[[ Record set open ]]

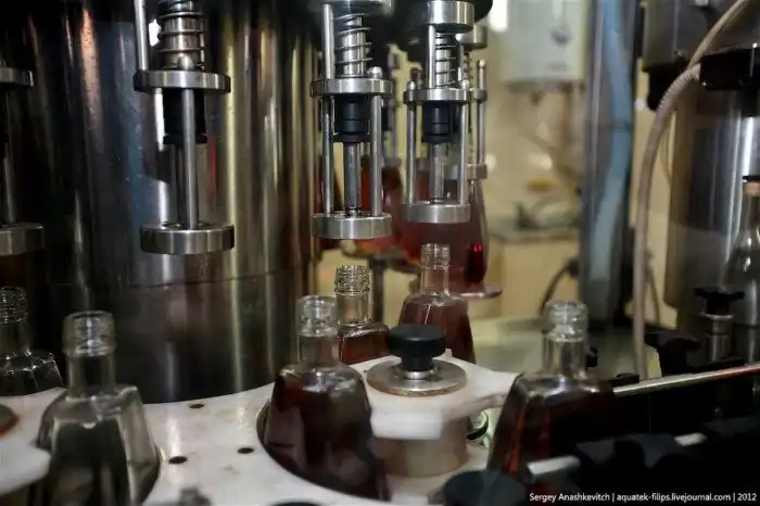 Современные технологические линии розлива позволяют разливать напитки мембранным холодным способом для максимального соблюдения стерильных условий. Сначала пустую бутылку устанавливают на технологическую ленту…
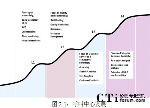 在現(xiàn)實(shí)中,還存在零程度的呼叫中心,這一點(diǎn)并沒(méi)有體現(xiàn)在呼叫中心發(fā)展路線圖上。零程度的呼叫中心就是那些在運(yùn)營(yíng)過(guò)程中并沒(méi)有很好地認(rèn)識(shí)到自己角色以及對(duì)自己未來(lái)的發(fā)展毫無(wú)計(jì)劃的呼叫中心。
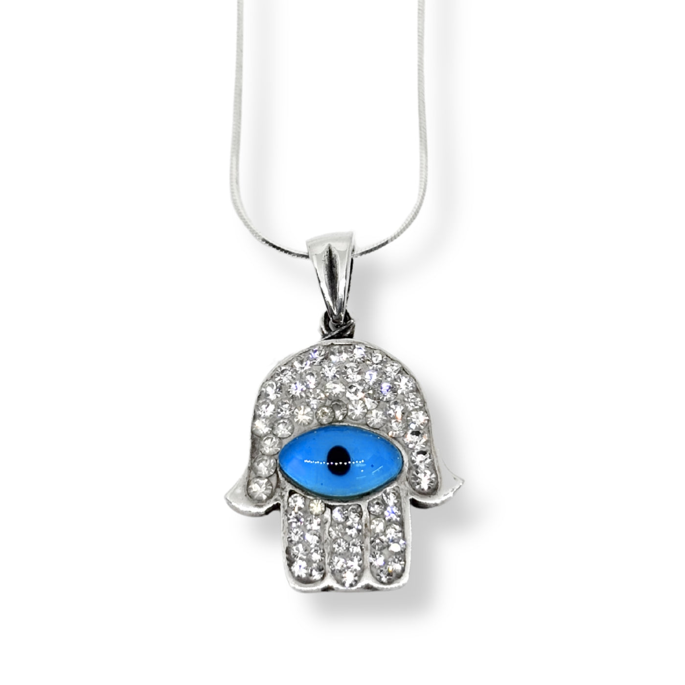 Beyaz Işıltılı Fatma Ana Eli Nazar Gümüş Kolye
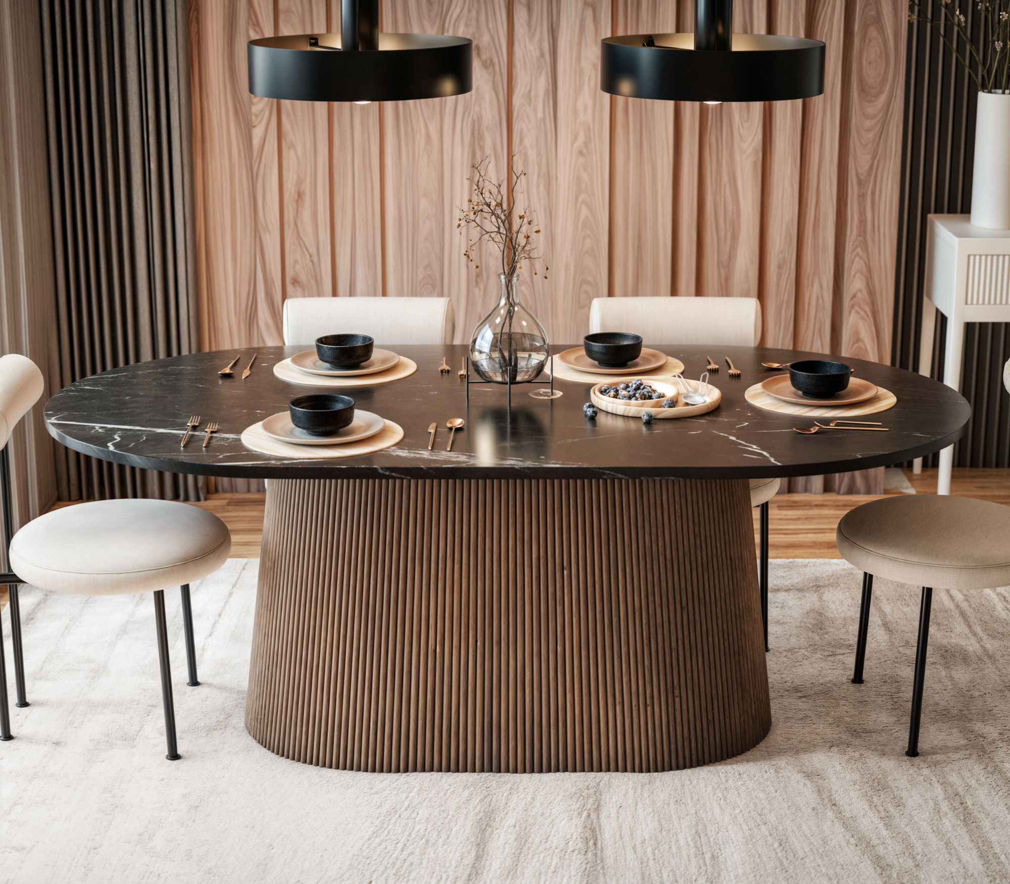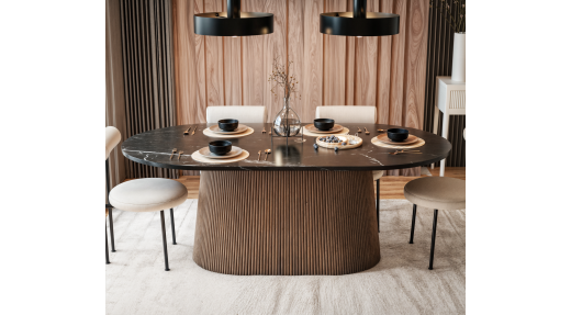 Stół „Verona” to wyrafinowane połączenie szlachetnego czarnego marmuru z ciepłym, brązowym wykończeniem drewna, tworzące elegancką i ponadczasową kompozycję. Owalny blat zachwyca wyrazistym rysunkiem kamienia z subtelnymi żyłami, które podkreślają jego unikalny charakter. Polerowana powierzchnia blatu dodaje mu luksusowego blasku i wyrafinowania.
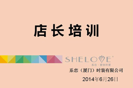 6月26日,为了进一步提升店长们管理店铺的综合能力,shelove系恋韩系都市时尚女装行政部组织直营店店长到总部进行培训。市场部督导林秀萍作为讲师,为店长进行为期一天的实战课程演练:从店长的角色定位、店面形象管理、高效的货品管理、业绩倍增、超越满意等多层次全方位讲解店长们需要的的核心技能和基本理念。
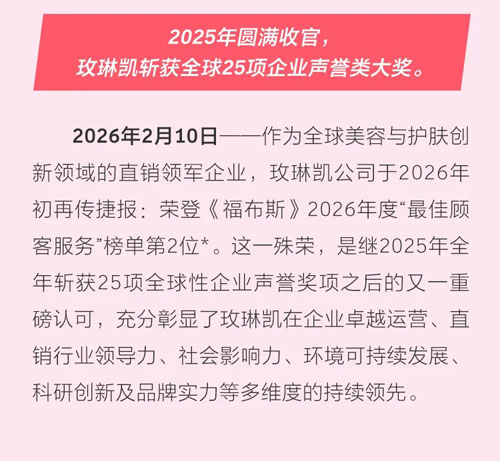 【直报网北京2月13日讯】(玫琳凯) ![]() ![]() ![]() ![]() ![]() ![]() ![]() ![]() ![]() ![]() (原标题:玫琳凯荣登福布斯2026最佳顾客服务榜单) 责任编辑:一一 【特别声明:部分文字及图片来源于网络,仅供学习和交流使用,不具有任何商业用途,其目的在于传递更多的信息,并不代表本平台赞同其观点。版权归原作者所有,如涉版权或来源标注有误,请及时和我们取得联系,我们将迅速处理,谢谢!】 解读新闻热点、呈现敏感事件、更多独家分析,尽在以下微信公号,扫描二维码免费阅读。
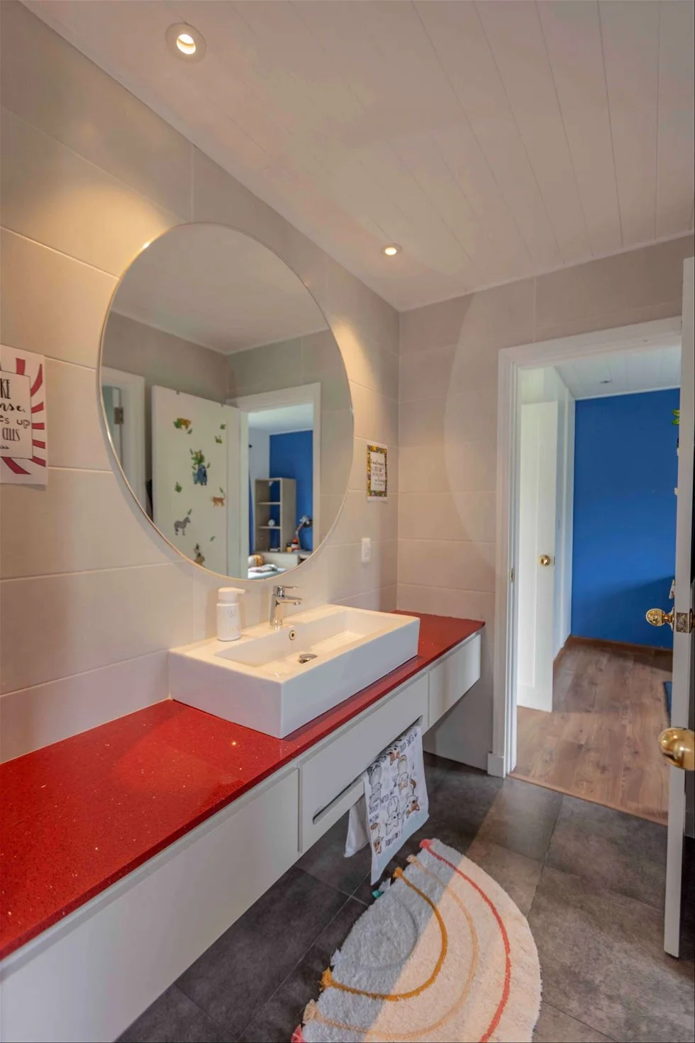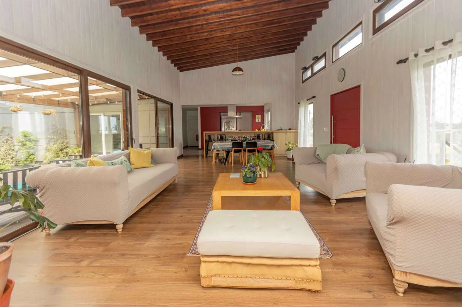 El área social cuenta con living-comedor, cocina integrada, lavadero y dos estar, uno de ellos con escritorio, junto a un toilette de recepción. La zona privada ofrece suite principal con baño integrado y dos dormitorios adicionales que comparten baño, más un dormitorio de huéspedes con baño propio.
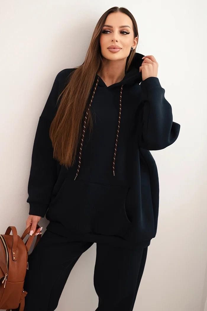 Komplet dresowy damski ocieplany z bawełny i z kapturem granatowy Łódź
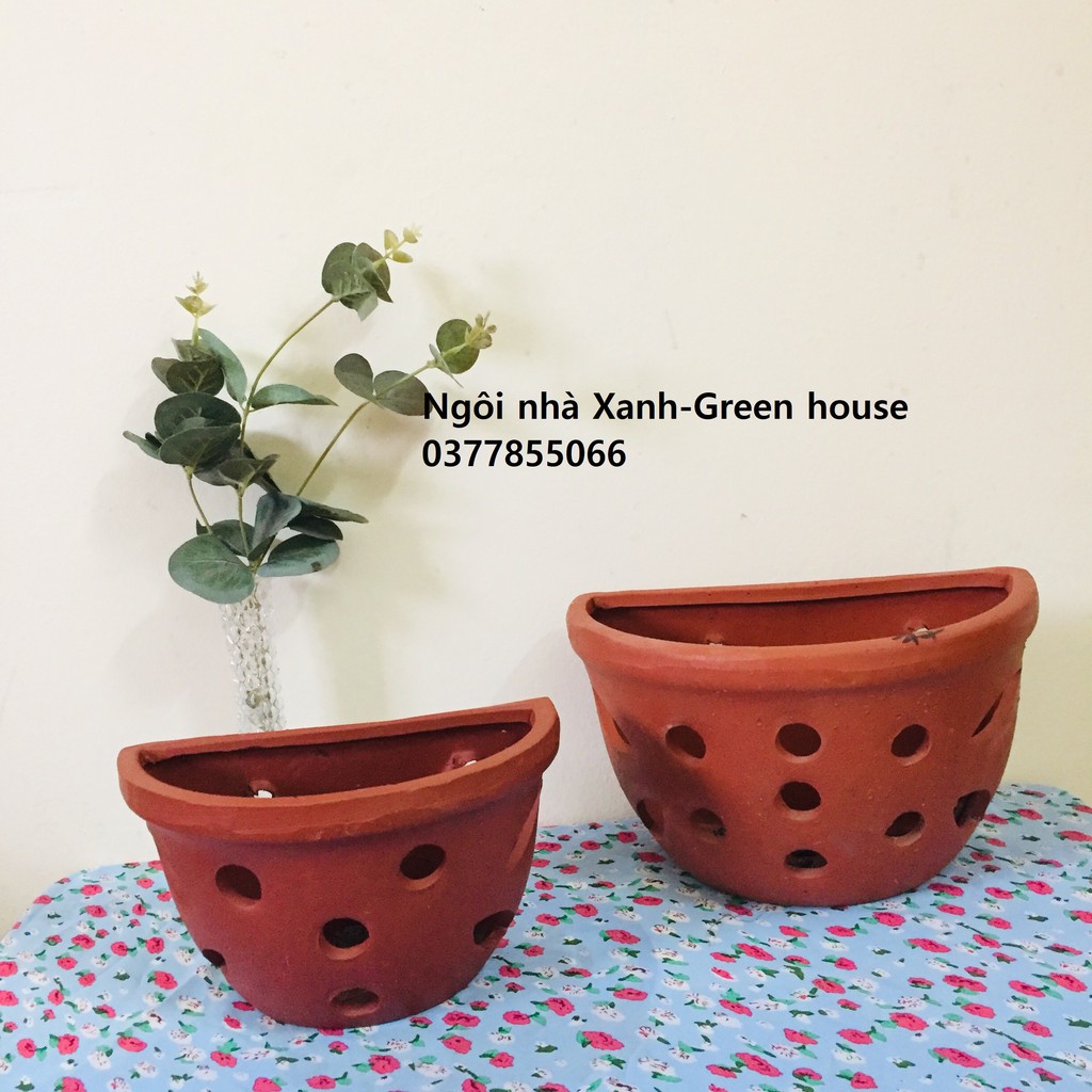 ✔ Chậu trồng cây treo tường, chậu trồng Lan gốm sứ đất nung Bat Tràng cao cấp, trang trí nhà hàng quán cà phê, ban công✨ Chậu gốm sứ đất nung trồng cây trồng hoa treo tường, ốp tường trang trí, hình bán nguyệt, có lỗ thoát nước và lỗ treo
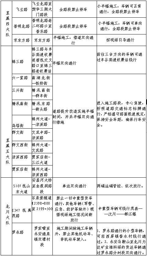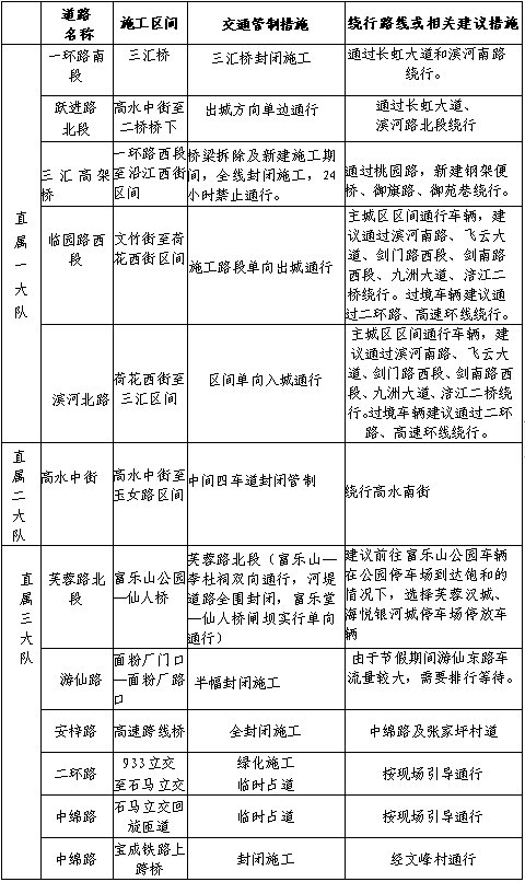 全市施工路段情況
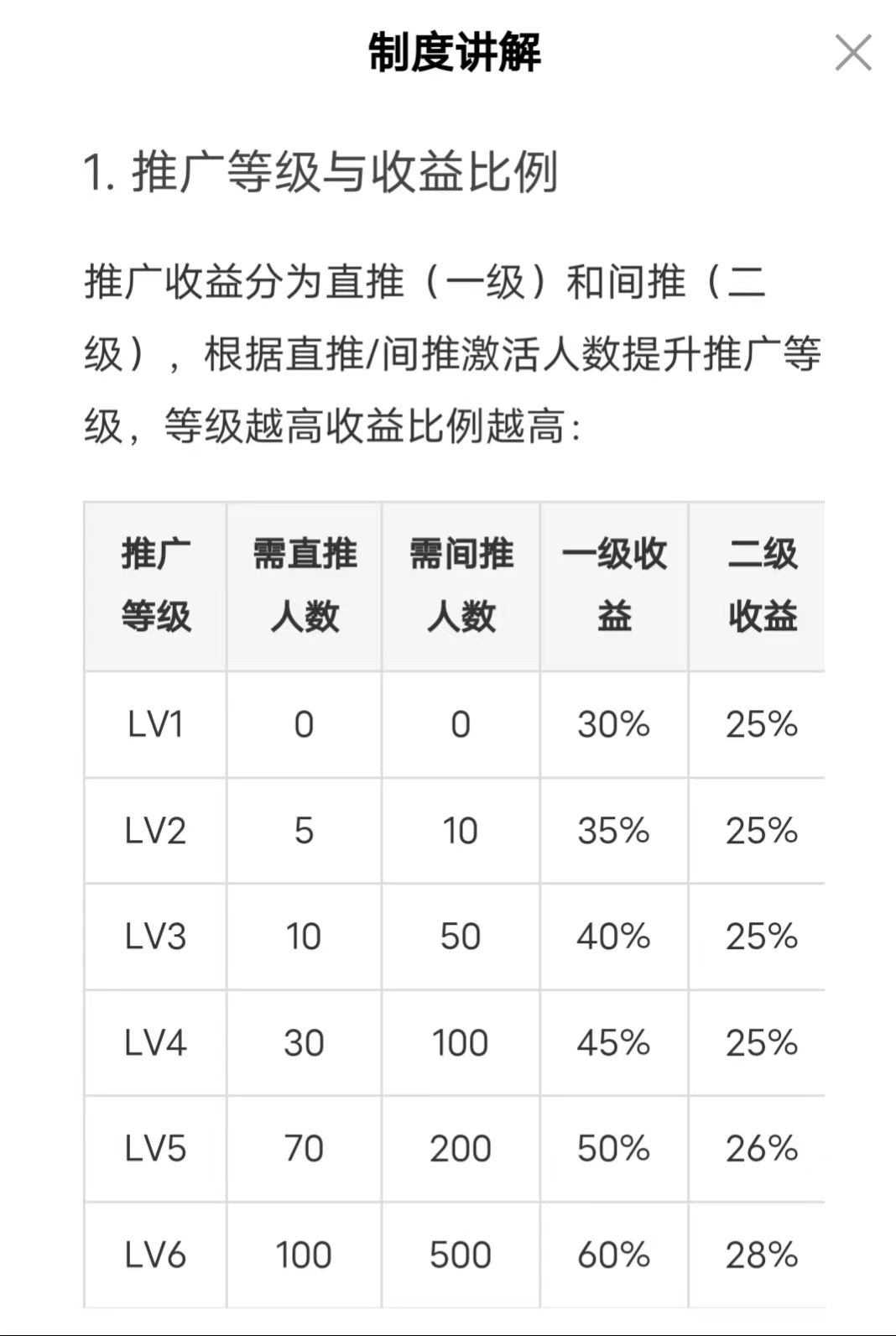 推广收益最高一代70%,二代30%,共计100%下级贡献收益!!

[[ Record set closed ]]

__Work item__: Could the lines above be copied out exactly, with no image carried over?

__Result for this exercise__:
 Современные технологические линии розлива позволяют разливать напитки мембранным холодным способом для максимального соблюдения стерильных условий. Сначала пустую бутылку устанавливают на технологическую ленту…
 在現(xiàn)實(shí)中,還存在零程度的呼叫中心,這一點(diǎn)并沒(méi)有體現(xiàn)在呼叫中心發(fā)展路線圖上。零程度的呼叫中心就是那些在運(yùn)營(yíng)過(guò)程中并沒(méi)有很好地認(rèn)識(shí)到自己角色以及對(duì)自己未來(lái)的發(fā)展毫無(wú)計(jì)劃的呼叫中心。
 Beyaz Işıltılı Fatma Ana Eli Nazar Gümüş Kolye
 Stół „Verona” to wyrafinowane połączenie szlachetnego czarnego marmuru z ciepłym, brązowym wykończeniem drewna, tworzące elegancką i ponadczasową kompozycję. Owalny blat zachwyca wyrazistym rysunkiem kamienia z subtelnymi żyłami, które podkreślają jego unikalny charakter. Polerowana powierzchnia blatu dodaje mu luksusowego blasku i wyrafinowania.
 6月26日,为了进一步提升店长们管理店铺的综合能力,shelove系恋韩系都市时尚女装行政部组织直营店店长到总部进行培训。市场部督导林秀萍作为讲师,为店长进行为期一天的实战课程演练:从店长的角色定位、店面形象管理、高效的货品管理、业绩倍增、超越满意等多层次全方位讲解店长们需要的的核心技能和基本理念。
 【直报网北京2月13日讯】(玫琳凯) ![]() ![]() ![]() ![]() ![]() ![]() ![]() ![]() ![]() ![]() (原标题:玫琳凯荣登福布斯2026最佳顾客服务榜单) 责任编辑:一一 【特别声明:部分文字及图片来源于网络,仅供学习和交流使用,不具有任何商业用途,其目的在于传递更多的信息,并不代表本平台赞同其观点。版权归原作者所有,如涉版权或来源标注有误,请及时和我们取得联系,我们将迅速处理,谢谢!】 解读新闻热点、呈现敏感事件、更多独家分析,尽在以下微信公号,扫描二维码免费阅读。
 El área social cuenta con living-comedor, cocina integrada, lavadero y dos estar, uno de ellos con escritorio, junto a un toilette de recepción. La zona privada ofrece suite principal con baño integrado y dos dormitorios adicionales que comparten baño, más un dormitorio de huéspedes con baño propio.
 Komplet dresowy damski ocieplany z bawełny i z kapturem granatowy Łódź
 ✔ Chậu trồng cây treo tường, chậu trồng Lan gốm sứ đất nung Bat Tràng cao cấp, trang trí nhà hàng quán cà phê, ban công✨ Chậu gốm sứ đất nung trồng cây trồng hoa treo tường, ốp tường trang trí, hình bán nguyệt, có lỗ thoát nước và lỗ treo
 全市施工路段情況
 推广收益最高一代70%,二代30%,共计100%下级贡献收益!!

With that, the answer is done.